As researchers, we all have a dream: it would be fantastic if AI could write papers one day! This sounds like a science fiction, but after I used Stork‘s new feature “AI Creative Abstract“, I feel that this day is coming soon.
In order to test how powerful AI is, I thought of an interesting topic – what is the brain mechanism of deceptive behavior between humans and their pet dogs. This is a topic that has not been studied so far. No one has scanned the brains of a person and his pet dog at the same time, and no articles have been published. I had this idea for a while, but it’s still a vague idea. I don’t know how to implement it and what the result will be. So I am interested in what AI would write. So I entered:
Deception between human and pet dog, an fNIRS hyperscanning study
After I clicked the “Start” button, the AI seemed to think for a few seconds, and then words appeared continuously:
The present study aimed to investigate the neural correlates of deception between human and pet dog. The participants were asked to deceive their dogs by giving a hand signal indicating that they would give food, but then not doing so. We measured functional near-infrared spectroscopy signals from both the deceiver (human) and the deceived (dog). Our results showed that there was no significant difference in oxyhemoglobin concentration changes between deception and non-deception conditions for either humans or dogs. However, we found significantly greater deoxyhemoglobin concentrations during deception compared with non-deception in both humans and dogs at bilateral temporal areas, suggesting increased brain activities related to emotional processing during deceptive interaction with pets. Our study provides evidence for shared neural mechanisms underlying social interactions involving trustful relationships such as those between human-dog dyads.
I read while it writes, and I am shocked. In terms of language, the abstract is written in native English without spelling and grammatical errors; logically, it is clear and fluent, and it matches well with the subject I gave. Most importantly, it produces something creative that I didn’t expect. For example, it tells me how to design the “deception” experiments, and which brain areas are expected to activate.
I couldn’t stop, so I asked AI to write the second version on the same topic:
Interactions between humans and their pets are an important part of our everyday lives. Dogs are known as sensitive and loyal companions. The present study investigated the neural correlates of deception in dogs and their human companions. Hyperscanning was used to investigate the activation of the left temporal pole, the right temporal pole, and the right prefrontal cortex in dogs and their human partners during a cooperative communicative task in which the dog had to deceive its human partner. Dogs and their partners were equipped with near-infrared spectroscopy (NIRS) hyperscanning caps to measure concurrent changes in oxy- and deoxy-hemoglobin concentrations in the temporal cortex. We found that when dogs looked at their human partner, activation was observed in the left temporal pole, the right temporal pole, and the right prefrontal cortex, whereas activation was not observed in the human temporal pole or the human prefrontal cortex. Our findings suggest that human-to-dog deception may be associated with increased activation in the right temporal pole and the right prefrontal cortex, whereas dog-to-human deception is associated with increased activation in the left temporal pole and the right prefrontal cortex. Our findings may provide new insights into the evolutionary history of human-dog communication and the role of the temporal pole and the prefrontal cortex in social cognition.
This version is also inspiring. The first two sentences are introductions, and the logic is clear. I probably can use them when I write a formal article. Then it is the purpose of the experiment and the brain area to be scanned. The results of the experiment follow, listing which brain areas are active. Finally, the significance of this research is briefly discussed.

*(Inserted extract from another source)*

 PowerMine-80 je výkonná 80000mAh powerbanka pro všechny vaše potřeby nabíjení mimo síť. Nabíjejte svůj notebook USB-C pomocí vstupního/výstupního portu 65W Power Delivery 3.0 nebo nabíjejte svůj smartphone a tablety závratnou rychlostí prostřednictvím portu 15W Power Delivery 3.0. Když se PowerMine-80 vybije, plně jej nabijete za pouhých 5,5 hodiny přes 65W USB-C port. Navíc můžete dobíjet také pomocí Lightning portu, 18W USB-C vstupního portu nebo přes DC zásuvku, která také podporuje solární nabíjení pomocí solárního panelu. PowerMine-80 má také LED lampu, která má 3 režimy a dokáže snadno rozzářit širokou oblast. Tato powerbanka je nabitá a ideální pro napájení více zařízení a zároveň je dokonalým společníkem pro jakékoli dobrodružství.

I asked AI to write dozens of abstracts in different fields such as cognitive science, material science, physics, philosophy, etc. AI wrote sensible abstracts in most cases. I felt like I was brainstorming with a knowledgeable person. Even when I entered something very vague, AI can write something concrete, and I can always find something new from what it writes.

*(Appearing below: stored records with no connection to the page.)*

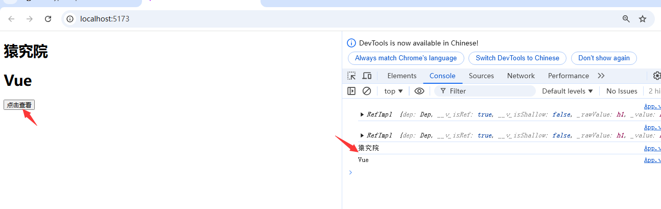 上述案例中,我们创建了两个普通标题标签,并在标签中添加ref属性,然后再脚本部分通过ref函数获取到这两个标签对象,注意标签对象的名称要与标签中ref属性的值一致;之后再单击鼠标时间的回调函数中输出了这两个标签对象及标签对象的内容文本内容;
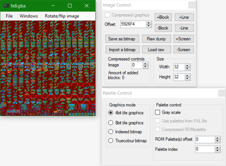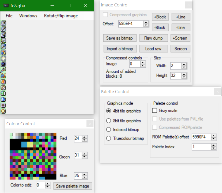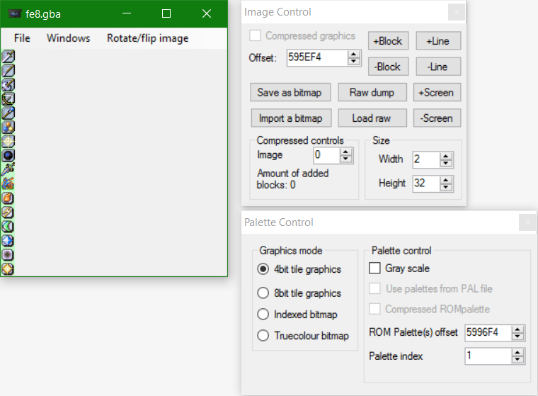 So, GBAGE does not know where the palette for these icons is by default. Just like the Image Control window, here is a breakdown of the features:
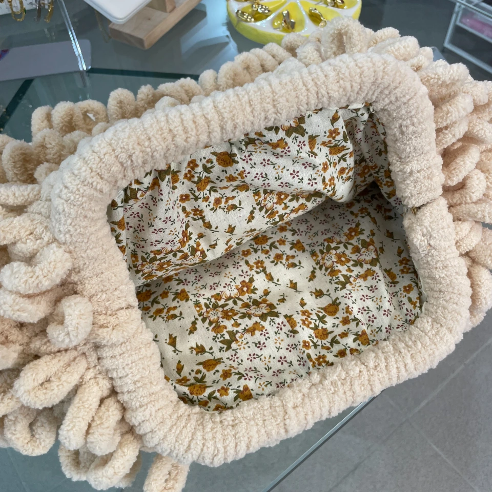Πρόκειται για ένα απαλό και χνουδωτό νήμα το οποίο πλέκεται με τα δάχτυλα, σε μπέζ απόχρωση, με εσωτερική φλοράλ φόδρα.

Of course, I understand that these abstracts are all “made up” by AI based on its massive reading. Some statements are not facts, but it still provides a lot of ideas for future research.
At this point, I have mixed feelings. The main part is excitement: AI offers us more tools and more ideas when doing research. However, I am also worried that if AI can write complete papers in the future, what use are we as researchers? Do we just verify the experiment results proposed by AI? Also, who can distinguish whether a paper is written by AI or by real researchers? If it can’t be distinguished, will academic journals be flooded with papers written by AI with untrue results? Like every tool we invented, in the end we don’t know whether we are using the tool or becoming its slave. If we can face these potential problems early on, we have a greater chance to create tools that serve us instead of harming us.